08 mayo 2011

Llegan, lo remueven todo, se van. O no.


No por nada el verano es, simultáneamente, el tiempo en que uno interrumpe lo que viene de ser durante los anteriores once meses, y a la vez, la olla que, a la inmovilidad que cada cual lleva dentro, suma el calor necesario para la ebullición. Escrita por Gorki en 1904 para contar la distancia, acaso insuperable, entre lo que la rusia prerrevolucionaria iba pronto a exigir y lo que sus clases pudientes bastante tenían con tratar de conservar por separado, la versión de Veraneantes que Miguel del Arco exhibe estos días en la Abadía es, convenientemente actualizada en el nombre de sus pulsiones, paradójicamente la misma y su contrario: si los Veraneantes de 1904 afrontaban con su pereza al cambio lo que la revolución pronto traería, los de 2011 afrontan con intereses similares… justo lo que aquella revolución demostró no poder arreglar.

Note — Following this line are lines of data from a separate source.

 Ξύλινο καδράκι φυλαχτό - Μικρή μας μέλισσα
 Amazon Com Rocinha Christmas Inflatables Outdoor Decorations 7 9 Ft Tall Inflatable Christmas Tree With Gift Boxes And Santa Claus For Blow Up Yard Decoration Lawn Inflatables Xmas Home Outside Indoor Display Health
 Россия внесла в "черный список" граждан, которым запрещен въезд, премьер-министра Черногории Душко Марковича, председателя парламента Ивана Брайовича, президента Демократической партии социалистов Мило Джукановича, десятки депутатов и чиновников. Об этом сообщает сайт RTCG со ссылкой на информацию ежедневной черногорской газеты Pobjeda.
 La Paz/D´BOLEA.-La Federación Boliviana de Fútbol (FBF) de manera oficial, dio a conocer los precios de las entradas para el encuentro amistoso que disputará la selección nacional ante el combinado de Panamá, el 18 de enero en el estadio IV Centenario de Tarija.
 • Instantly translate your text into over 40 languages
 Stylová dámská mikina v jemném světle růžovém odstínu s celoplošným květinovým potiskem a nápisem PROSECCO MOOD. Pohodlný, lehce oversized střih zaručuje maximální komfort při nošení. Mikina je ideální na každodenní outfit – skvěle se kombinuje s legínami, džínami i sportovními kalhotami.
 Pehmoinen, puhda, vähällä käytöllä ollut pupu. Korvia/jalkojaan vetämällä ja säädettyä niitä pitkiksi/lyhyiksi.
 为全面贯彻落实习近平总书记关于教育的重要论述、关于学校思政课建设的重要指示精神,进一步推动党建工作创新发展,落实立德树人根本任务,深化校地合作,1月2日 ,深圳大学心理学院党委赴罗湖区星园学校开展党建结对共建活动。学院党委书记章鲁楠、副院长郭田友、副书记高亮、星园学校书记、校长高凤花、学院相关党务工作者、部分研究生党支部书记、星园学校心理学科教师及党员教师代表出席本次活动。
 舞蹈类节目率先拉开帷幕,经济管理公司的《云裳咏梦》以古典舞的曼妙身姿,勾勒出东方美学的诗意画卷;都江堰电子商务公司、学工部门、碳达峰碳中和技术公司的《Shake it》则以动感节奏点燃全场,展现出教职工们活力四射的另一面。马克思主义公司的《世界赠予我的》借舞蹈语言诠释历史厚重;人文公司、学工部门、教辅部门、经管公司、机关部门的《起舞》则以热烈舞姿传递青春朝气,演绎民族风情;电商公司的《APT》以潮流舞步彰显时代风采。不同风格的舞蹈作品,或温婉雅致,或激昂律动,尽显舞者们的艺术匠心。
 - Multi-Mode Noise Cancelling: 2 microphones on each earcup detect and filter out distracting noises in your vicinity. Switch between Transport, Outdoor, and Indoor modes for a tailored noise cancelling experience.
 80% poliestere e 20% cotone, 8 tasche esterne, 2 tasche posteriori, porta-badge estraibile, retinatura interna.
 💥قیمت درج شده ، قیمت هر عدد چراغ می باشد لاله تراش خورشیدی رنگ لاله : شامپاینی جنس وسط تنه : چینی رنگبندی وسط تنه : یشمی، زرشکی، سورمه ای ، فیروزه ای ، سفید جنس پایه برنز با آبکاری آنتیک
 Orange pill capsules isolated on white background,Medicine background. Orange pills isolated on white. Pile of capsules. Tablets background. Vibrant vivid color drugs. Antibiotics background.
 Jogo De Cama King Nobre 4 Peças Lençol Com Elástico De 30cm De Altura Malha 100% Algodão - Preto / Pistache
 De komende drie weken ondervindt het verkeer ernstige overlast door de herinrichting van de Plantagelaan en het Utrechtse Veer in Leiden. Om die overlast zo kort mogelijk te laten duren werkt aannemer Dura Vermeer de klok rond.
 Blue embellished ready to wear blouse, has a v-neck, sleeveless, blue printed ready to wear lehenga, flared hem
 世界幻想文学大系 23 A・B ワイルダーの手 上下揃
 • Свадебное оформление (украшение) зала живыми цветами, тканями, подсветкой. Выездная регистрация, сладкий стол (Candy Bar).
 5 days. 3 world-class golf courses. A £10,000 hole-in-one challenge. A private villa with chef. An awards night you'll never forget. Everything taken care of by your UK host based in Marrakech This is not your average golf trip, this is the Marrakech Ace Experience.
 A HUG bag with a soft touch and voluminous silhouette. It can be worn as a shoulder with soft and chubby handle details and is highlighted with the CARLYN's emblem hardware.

Como un antes y un después que sucedieran en las mismas tumbonas, también es tanto la historia de la capa protectora de quien ha de defender su modo de vida, como, más hondamente, la excavación doliente de lo que uno es al contacto con el otro adecuado: la historia íntima de cómo, no importa lo mucho que te creas a salvo, dentro de tu imagen, basta el hallazgo de la recompensa adecuada para que te expongas a renunciar a lo que llevó años construir. Por la naturaleza de ambas, la primera –la defensa de lo que lograste ser- es la que Gorki puso a identificar lo que se resiste a ser cambiado, sea un sistema social o tu lugar en él. Pero es la segunda –la incapacidad de dejar de amar lo que nos impide seguir siendo lo que somos- la que más tiene que ver con el verano y con lo que cada uno es a solas, en lo más profundo de su ser. Cuando la última de sus líneas se apaga –“Veraneantes. Llegan, lo ensucian todo y se van”-, no habla de las baldosas, sino de ese otro jardín: las tripas.